How to Make Vegetarian Buttermilk Fried Chicken (Traditional & Healthy Version)
Vegetarian Buttermilk Fried Chicken is a creative Malaysian twist on a beloved classic, reimagined for those who prefer plant-based options or are looking for a lighter, health-focused meal. Inspired by Malaysia’s multicultural cuisine, this recipe uses locally available spices and herbs like daun kari (curry leaves) and cili padi (bird’s eye chili) to infuse the dish with authentic Malaysian flavors. Instead of chicken, firm tofu or tempeh stands in as a hearty, protein-rich base, marinated in creamy buttermilk (or vegan buttermilk) and coated with a spiced, crispy breading. The dish strikes a balance between the comforting richness of traditional buttermilk fried chicken and the vibrant, aromatic notes of Malaysian cooking. It’s perfect for both vegetarians and anyone seeking a healthier alternative, as it’s shallow-fried using minimal oil and relies on wholesome ingredients. Enjoyed across Malaysia in cafes and homes alike, this meatless version offers all the flavor and crunch you’d expect, but in a lighter, guilt-free package. Serve it with a side of fresh ulam (herbs) or a tangy salad for a complete, nourishing meal.
Ingredients
- 400g Firm tofu or tempeh (substitute for chicken, high protein)

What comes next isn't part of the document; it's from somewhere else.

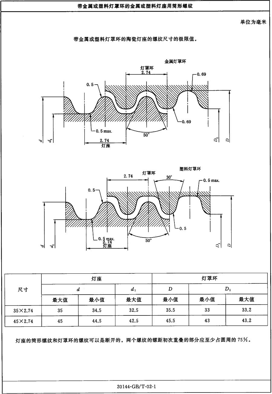 本標(biāo)準(zhǔn)也包含燈罩環(huán)用筒形螺紋。
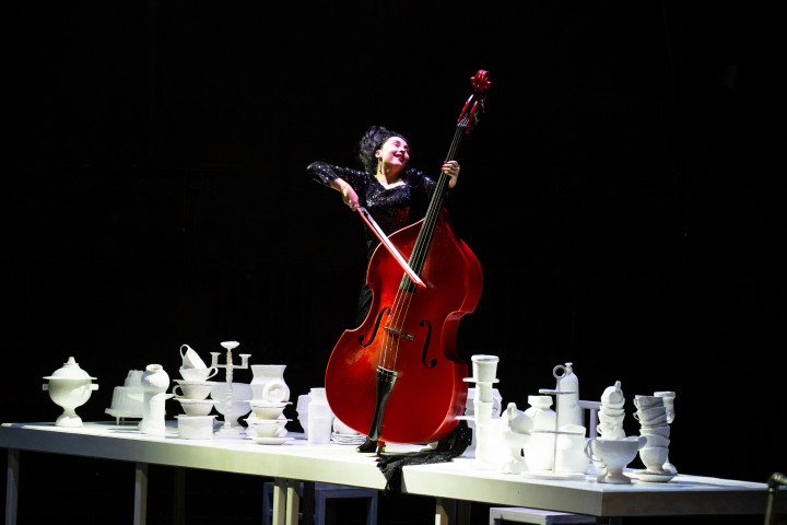 Массовка-социум в выразительных костюмах, укрупненная своими тенями на обнаженной стене арьерсцены, мечется. Но не мучительно, а расчетливо. Этакий андроид-флешмоб. А сверху еще и холодная авторская «ламинация» из видео и постоянно видоизменяемых декораций. Как будто попал на киносеанс знакомой истории. Той самой страшной истории - про превращение человека в насекомое. Только теперь в 2D. Без одной из плоскостей, которая и делает мир - миром, а не картинкой на экране айфона. Только теперь в чб. Без яркой и многоцветной его палитры, а только удобные и контрастно-официальные цвета. Только тщательно отобранные и отточенные детали, эмоции и движения.

- 1 cup Low-fat buttermilk or vegan buttermilk (santan + lemon) (for marinating)
- 1/2 cup Whole wheat flour (for coating)
- 2 tbsp Cornstarch (for extra crispiness)
- 10 Daun kari (curry leaves) (fresh, chopped)
- 2 Cili padi (bird’s eye chili) (finely sliced, adjust to taste)
- 2 cloves Garlic (minced)
- 1 stalk Lemongrass (white part only, finely chopped)
- 1/2 tsp Salt
- 1/4 tsp Black pepper (freshly ground)
- 2 tbsp Cooking oil (for shallow frying)
Step-by-step instructions
Step 1 · Slice the firm tofu or tempeh into 1
Slice the firm tofu or tempeh into 1.5cm thick strips or bite-sized pieces. Pat dry to remove excess moisture.
Step 2 · In a bowl
In a bowl, combine buttermilk (or santan + lemon for vegan) with minced garlic, chopped lemongrass, half the daun kari, salt, and black pepper. Add in sliced cili padi if using.
Step 3 · Add the tofu/tempeh pieces to the marinade
Add the tofu/tempeh pieces to the marinade, ensuring they’re evenly coated. Cover and refrigerate for at least 10 minutes.
Step 4 · Mix whole wheat flour and cornstarch in a shallow plate
Mix whole wheat flour and cornstarch in a shallow plate. Dredge each marinated tofu/tempeh piece in the flour mixture, shaking off excess.
Step 5 · Heat the oil in a non-stick pan over medium heat
Heat the oil in a non-stick pan over medium heat. Add remaining daun kari to the oil for fragrance, then fry tofu/tempeh in batches until golden and crispy, about 3-4 minutes per side.
Step 6 · Drain the fried pieces on a paper towel to remove excess oil
Drain the fried pieces on a paper towel to remove excess oil. Serve hot with a side of ulam or salad.
Why this recipe is healthy
By replacing chicken with tofu or tempeh, this recipe caters to vegetarians and those seeking heart-healthy, lower-calorie alternatives. Using whole wheat flour increases fiber intake, aiding digestion and satiety, while shallow frying reduces unnecessary fat. Local aromatics not only enhance flavor but bring additional health properties. This Buttermilk Fried Chicken is a smart choice for anyone tracking calories or aiming for balanced nutrition without compromising on taste.
A note on tradition
Malaysian Buttermilk Fried Chicken, while inspired by Western-style fried chicken, has become a local favorite, especially with the addition of daun kari, cili padi, and lemongrass, reflecting Malaysia’s unique culinary identity. Vegetarian adaptations are popular among health-conscious Malaysians and those observing meatless diets, especially during special observances or vegetarian festivals. The dish is commonly enjoyed in both urban and rural settings, often as a special lunch treat or café meal.